CyberShadow commented 11 months ago

Thanks (and also for researching this)!

takase1121 commented 11 months ago

Could this go into the generated branch?

In other words, do the tools that use tree sitter repositories look for stuff on the master branch, or the default branch? Ideally these would go into an automatically updated branch that is not the default branch seen by people who want to read the implementation or contribute to it.

If it has to be master, then we could swap the branches and move generated to master and master to dev or such.

I'm not sure, but I think most tools unfortunately only reads from master. For my part, I'm totally fine with it on a different branch; Neovim has support for this repository (in its current form) already, helix allows the user to supply a rev key so a branch can be used.

Would you mind updating the documentation to integrate a description of this change?

Ah, I didn't know. I'll look into that.

Do you think it would be possible to update these automatically, i.e. update the generated branch when something is pushed to the non-generated branch?

I've made workflows that could open PRs. I'm sure this is possible but it would require the owner to give GHA write permissions.
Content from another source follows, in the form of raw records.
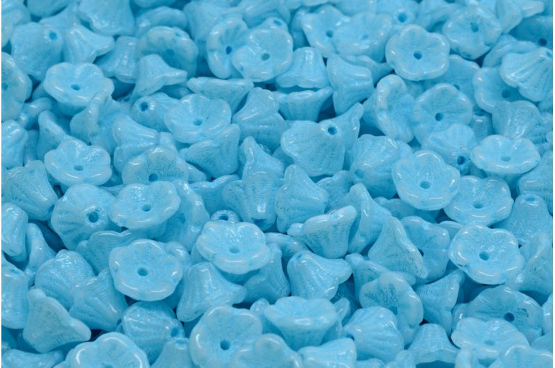 ベルフラワーカップビーズ、ホワイトライトブルーライン(02010-54308)、ガラス、チェコ共和国
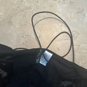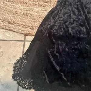black soft velvet slip dress with spaghetti straps and lace trim midi length
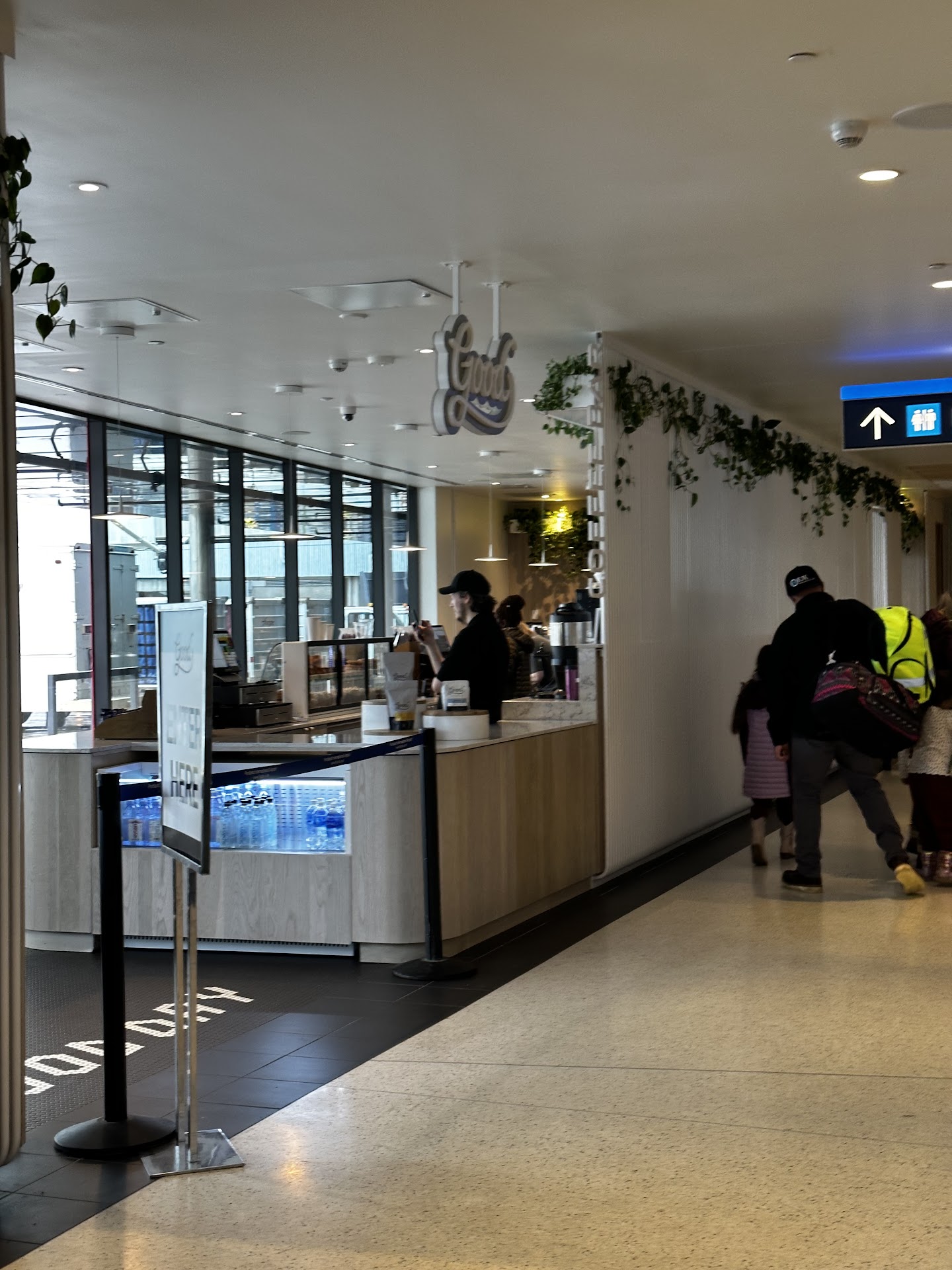 The ironically named Good Coffee, residing in a concourse far from the beating heart of the airport. On the frontier where there are few seats and fewer choices. Good Coffee looks a bit barren, not obviously a place for a hot drink.
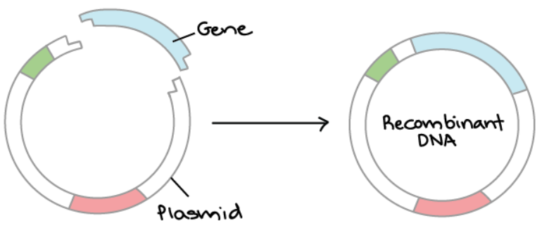 - Cut open the plasmid and “paste” in the gene. This process relies on restriction enzymes (which cut DNA) and DNA ligase (which joins DNA).
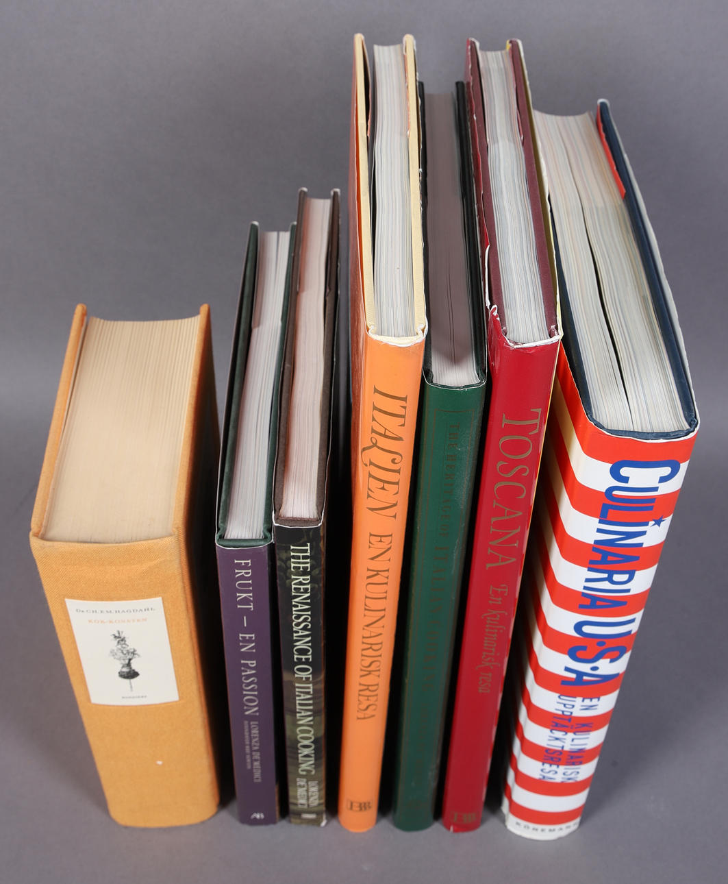 Lorenza de Medici, "The Heritage of Italian Cooking", "The Reneissance of Italian Cooking", "Frukt en passion", "Italien - En kulinarisk resa", "Toscana - En kulinarisk resa", samt "Culinaria USA - en kulinarisk upptäcktsresa".
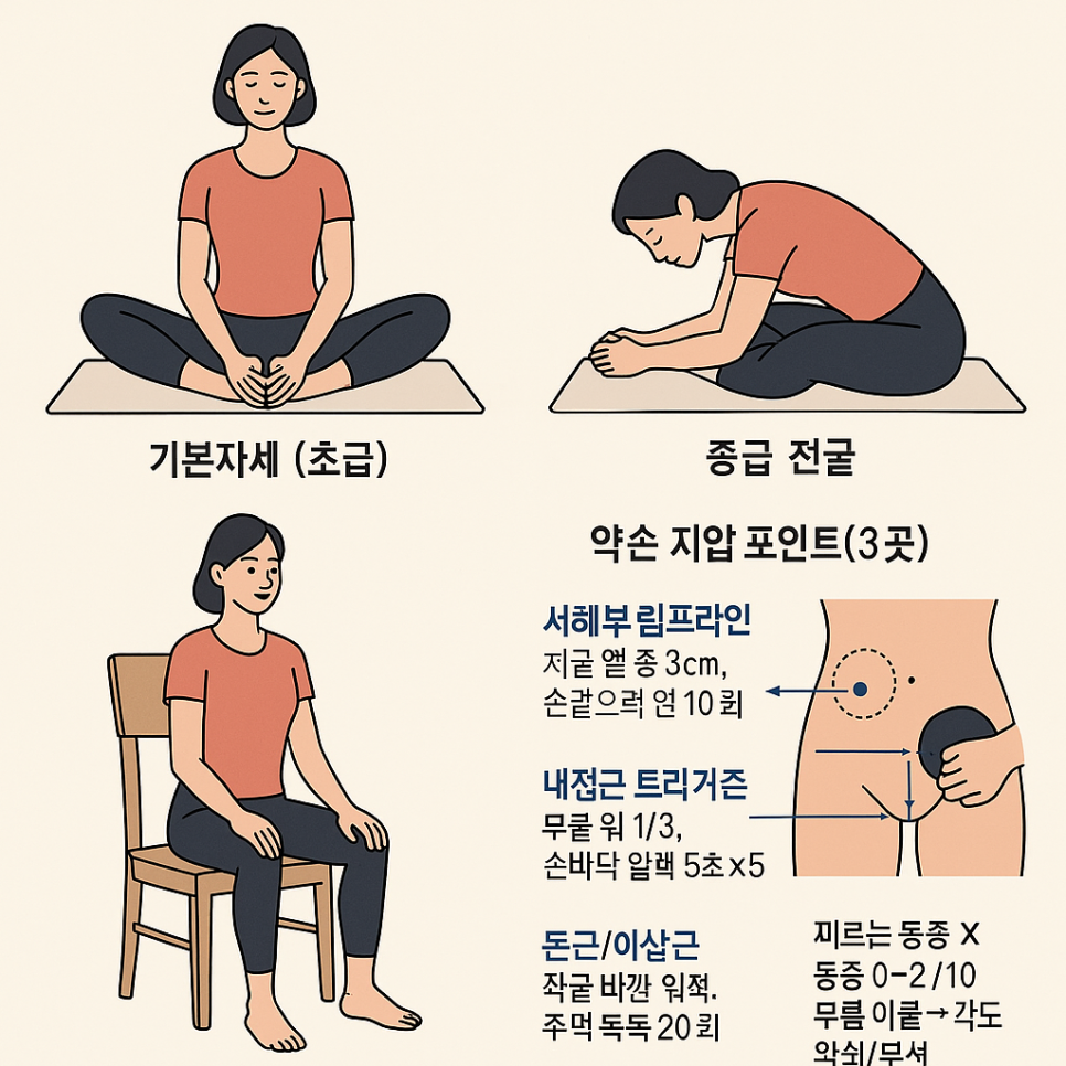 - 무릎을 손으로 억지로 누르기 → 중력·호흡으로만 이완. 억지 압박은 내전근 과긴장·무릎 부담.

takase1121 commented 11 months ago

Just tell me if you want to retarget this PR to generated, I can do so.

CyberShadow commented 11 months ago

Yes please, at the very least it should go there.

Note that the documentation is only on master.

takase1121 commented 11 months ago

I was looking at the different branches - I don't think it can be placed in generated, since generated contains the initial grammar files, which needs to be patched (in master) to get the final results.

I think it might be better to create a new branch to host the final files, or to have the generation part "abstracted out" the repo, so in the end it only has source and the final product.

CyberShadow commented 11 months ago

Aah, sorry, I got confused!

or to have the generation part "abstracted out" the repo, so in the end it only has source and the final product.

I don't think we can do that. The reason for the two branches is to use Git merge to port any manual fixes onto new versions of the generated grammar.

CyberShadow commented 11 months ago

OK, so I think this is good. I'm going to check again to make sure I get the exact same files on my end, as we want the process to be deterministic.